GMOs are plants or animals that have had their DNA altered in a laboratory to give them specific genes. It sounds like something out of a sci-fi movie, but it’s just a modern way to accomplish what farmers have been doing for ages with good old-fashioned breeding: giving crops positive traits. In the U.S., the majority of GMO crops have been altered to be insect-resistant, herbicide-resistant, or both, according to the USDA’s Economic Research Service.
Some of the most common GMO crops in the U.S., including corn, soybeans, and cotton, have been grown on a large scale for more than 20 years now. GMO foods need to be approved by the FDA, the USDA and the EPA before they’re commercially grown, and only 10 approved GMO crops are farmed commercially in the U.S.
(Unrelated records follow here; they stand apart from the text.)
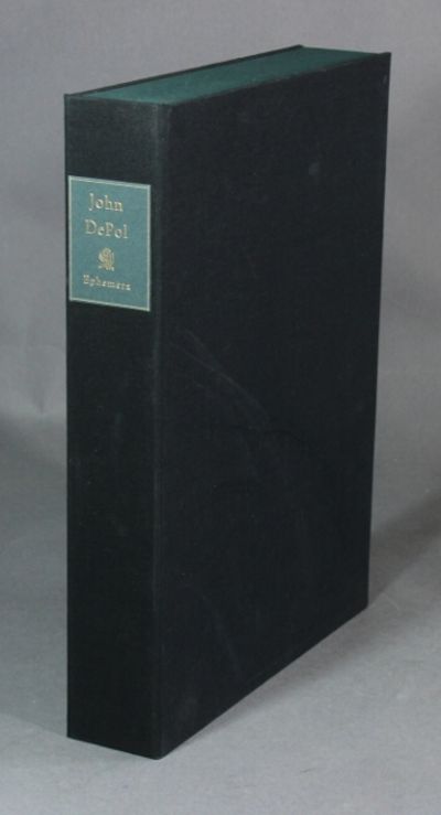 v.p., v.d., 1990. Large quarto clamshell box containing approx. 60 items, including California Flora, Book Club of California, 1995 with 12 wood engravings by DePol; eight 8½" x 11" wood engravings by DePol, all but one numbered, signed and titled by him; two 9" x 5¾" wood engravings, each titled, dated, and signed by DePol; seven 8½" x 11" holiday letters from DePol, most with a reproduction of a DePol wood engraving, 2 with postscripts in ink addressed to Greg Campbell; three other holiday cards for others with wood engravings by DePol; two bifolia printed by The Stone House Press for The Typophiles with wood engravings by DePol; 4 invitations with DePol wood engravings; proof of the covers for the journal Bookways, Nos. 13-14, Oct. 1994 - January 1995 containing a signed proof of the cover wood engraving by DePol, inscribed to Greg Campbell; a large folio printed leaf of the 42-line Bible, inscribed at the bottom in pencil by DePol: "For Greg Campbell, printed on the Gutenberg Press at the Pierpont Morgan Library by Neil Shaver and John DePol on 27 April 1994"; a wood engraving approx. 9¾" x 7", "The Falls at Deepdene," signed by DePol; an 8½" x 11" proof of a wood engraving of The Gutenberg Press, dated and signed by DePol, "The Church of St. Luke in the Fields," a new wood engraving by DePol with commentary by Don Wesely; numerous printed samples of DePol wood engravings on cards, postcards, bookplates, invitations, announcements, printed samples of wood engraved pressmarks; etc., as collected by Greg Campbell.
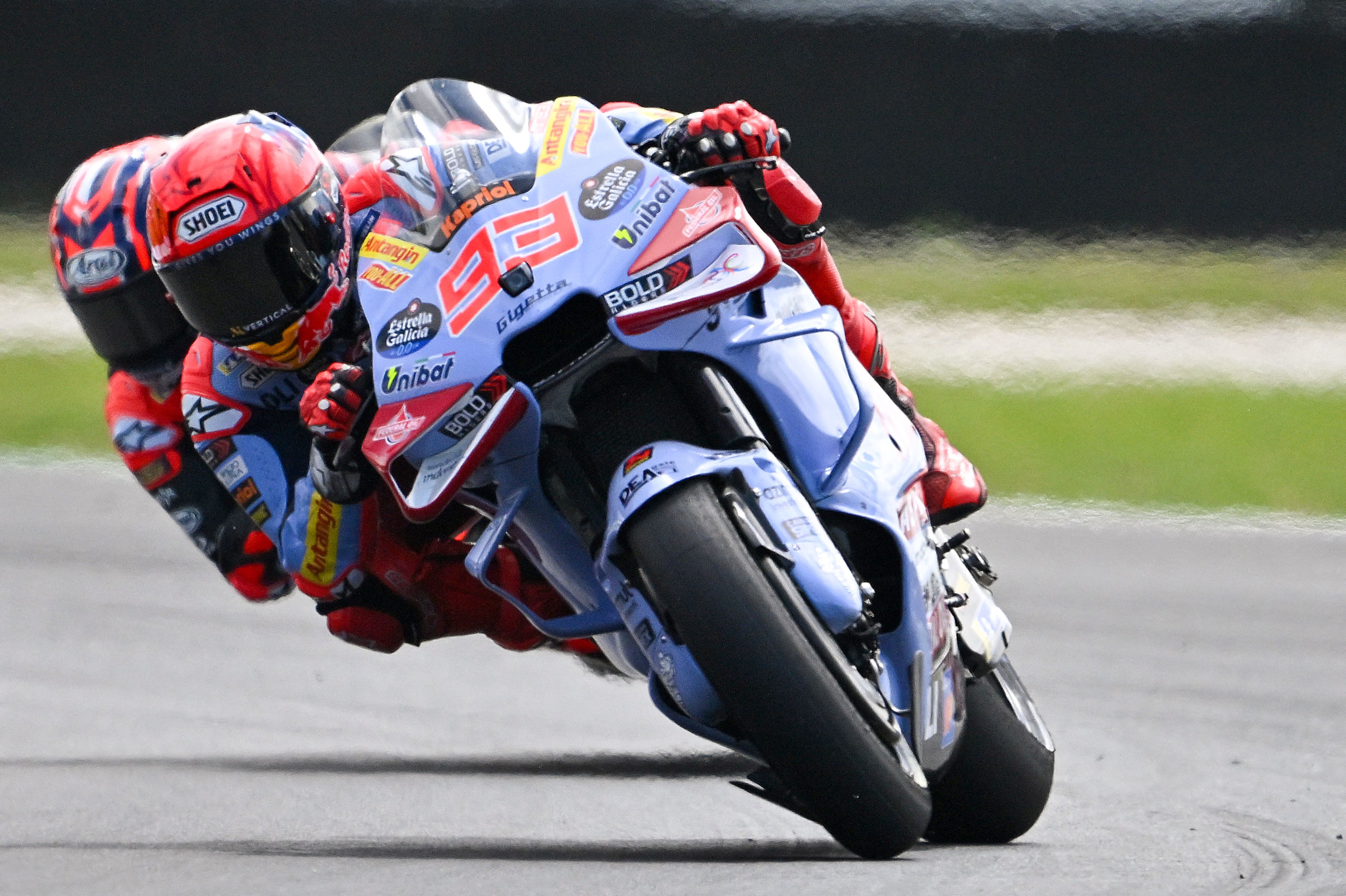 Gresini Racing MotoGP's Spanish rider Marc Marquez powers through a corner during the MotoGP Australian Grand Prix on Phillip Island on October 20, 2024. (Photo by Izhar Khan/AFP Photo)
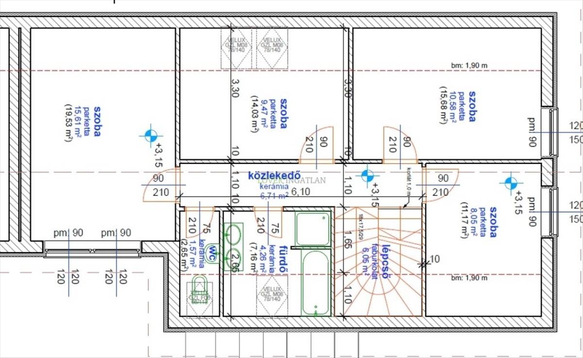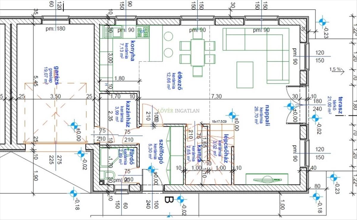 Garázs: 19 m²-es, közvetlen bejárással a lakótérbe (szélfogón keresztül).
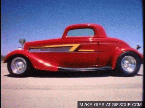 Paglalarawan ng Content: a red car with a yellow stripe on the side says make gifs at gifsoup.com on the bottom
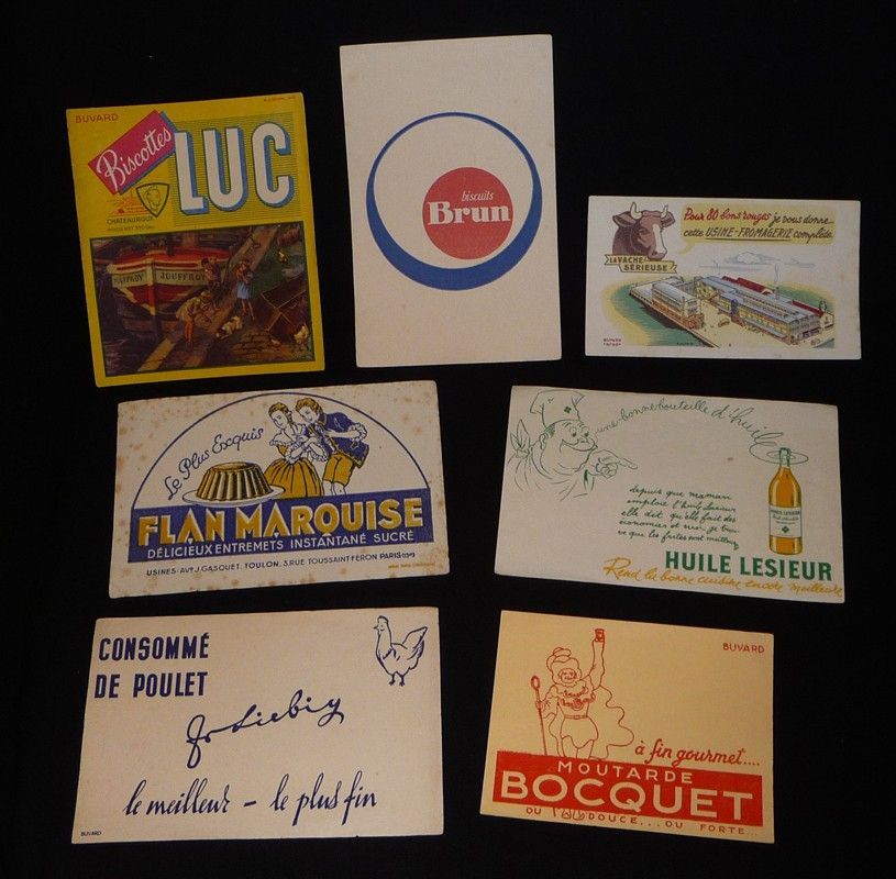 Lot de 7 papiers buvards publicitaires pour produits alimentaires : Biscottes Luc - Biscuits Brun - Consommé de poulet Liebig - La Vache sérieuse - Huile Lesieur - Moutarde Bocquet - Flan Marquise ; quelques rousseurs, pliures et marques d'usage selon le buvard, assez bon état.

It may not sound like much, but those top GMOs break down into many of the ingredients found in processed foods. For example, over 90 percent of all corn grown in the U.S. was genetically modified in 2018, according to data from the National Agricultural Statistics Service. That corn could end up as cornstarch, corn syrup, corn oil and — you get the idea. You probably eat more GMO ingredients than you think.
Fortunately, GMOs have been researched extensively and, in 2016, the National Academies of Science, Engineering, and Medicine looked at more than 900 studies spanning two decades to address public concerns about their safety. The NAS found that genetically modified foods are the same as non-modified varieties when it comes to composition and nutrition, and it saw no indications that eating GMO foods led to more health problems. If you want to avoid GMOs, that’s your choice. But as of now, the consensus is that they’re no less safe than their traditionally-bred counterparts.